-- THE DATA follows --

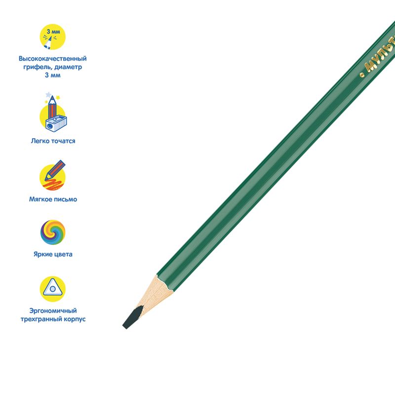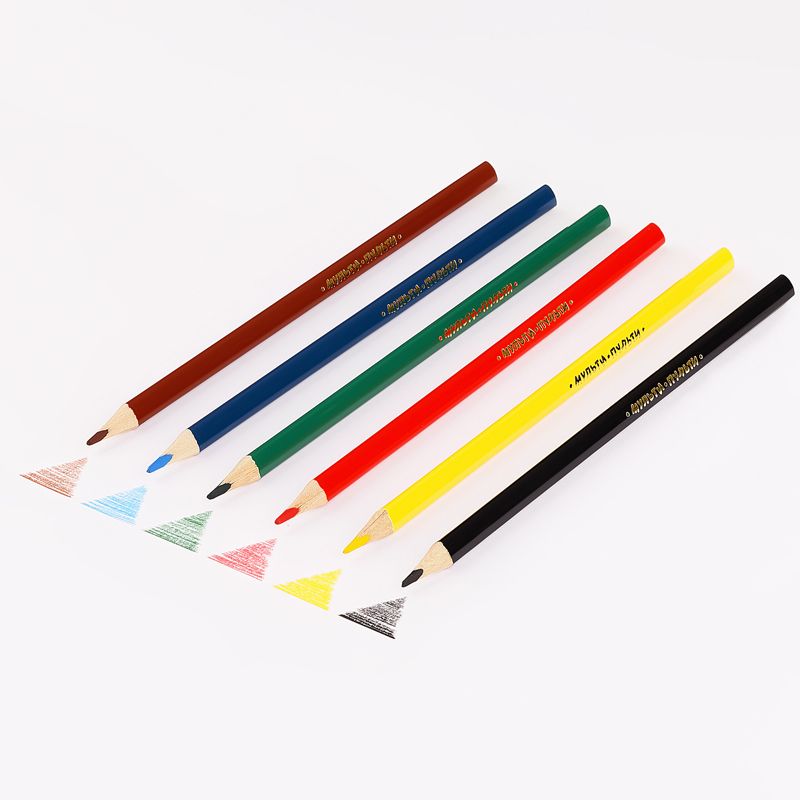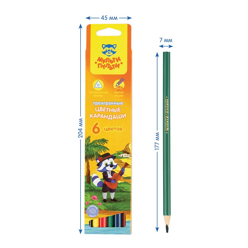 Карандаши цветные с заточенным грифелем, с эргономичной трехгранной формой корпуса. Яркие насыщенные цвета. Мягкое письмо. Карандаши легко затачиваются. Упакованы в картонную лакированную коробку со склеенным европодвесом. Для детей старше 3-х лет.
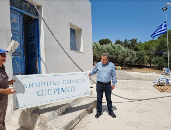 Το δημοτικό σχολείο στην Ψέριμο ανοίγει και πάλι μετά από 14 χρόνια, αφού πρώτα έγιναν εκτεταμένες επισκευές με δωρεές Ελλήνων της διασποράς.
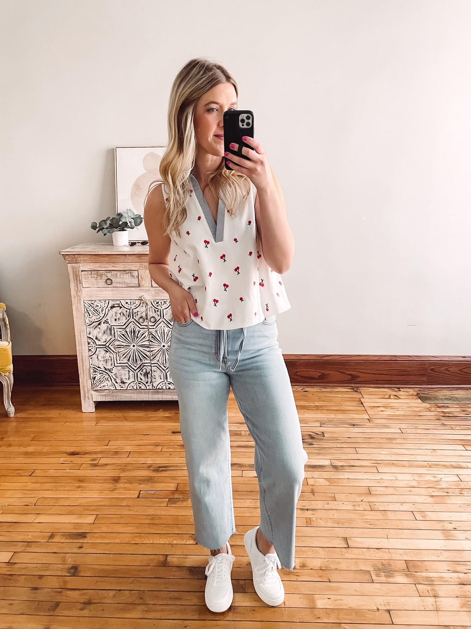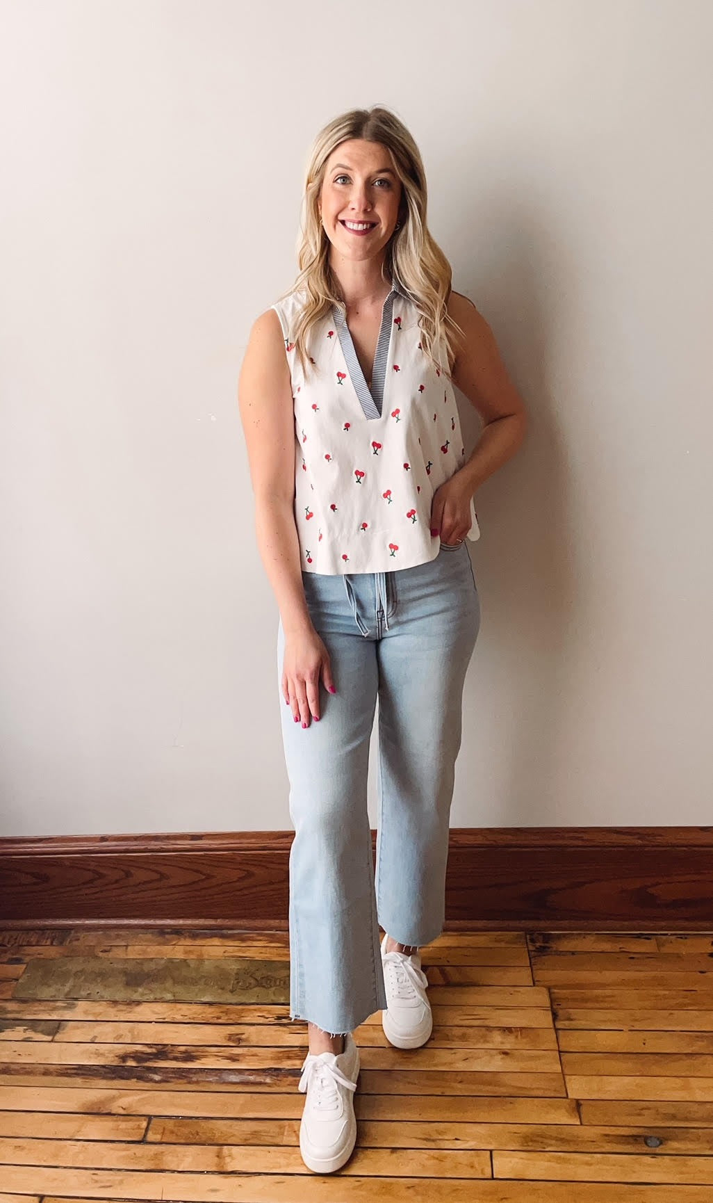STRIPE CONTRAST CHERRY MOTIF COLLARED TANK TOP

-- THE DATA concluded --

**YOUR OBJECTIVE**
What is needed is every line of the data above, set down exactly but with the images left out.

**ANSWER TO THIS PROBLEM**
 Карандаши цветные с заточенным грифелем, с эргономичной трехгранной формой корпуса. Яркие насыщенные цвета. Мягкое письмо. Карандаши легко затачиваются. Упакованы в картонную лакированную коробку со склеенным европодвесом. Для детей старше 3-х лет.
 Το δημοτικό σχολείο στην Ψέριμο ανοίγει και πάλι μετά από 14 χρόνια, αφού πρώτα έγιναν εκτεταμένες επισκευές με δωρεές Ελλήνων της διασποράς.
STRIPE CONTRAST CHERRY MOTIF COLLARED TANK TOP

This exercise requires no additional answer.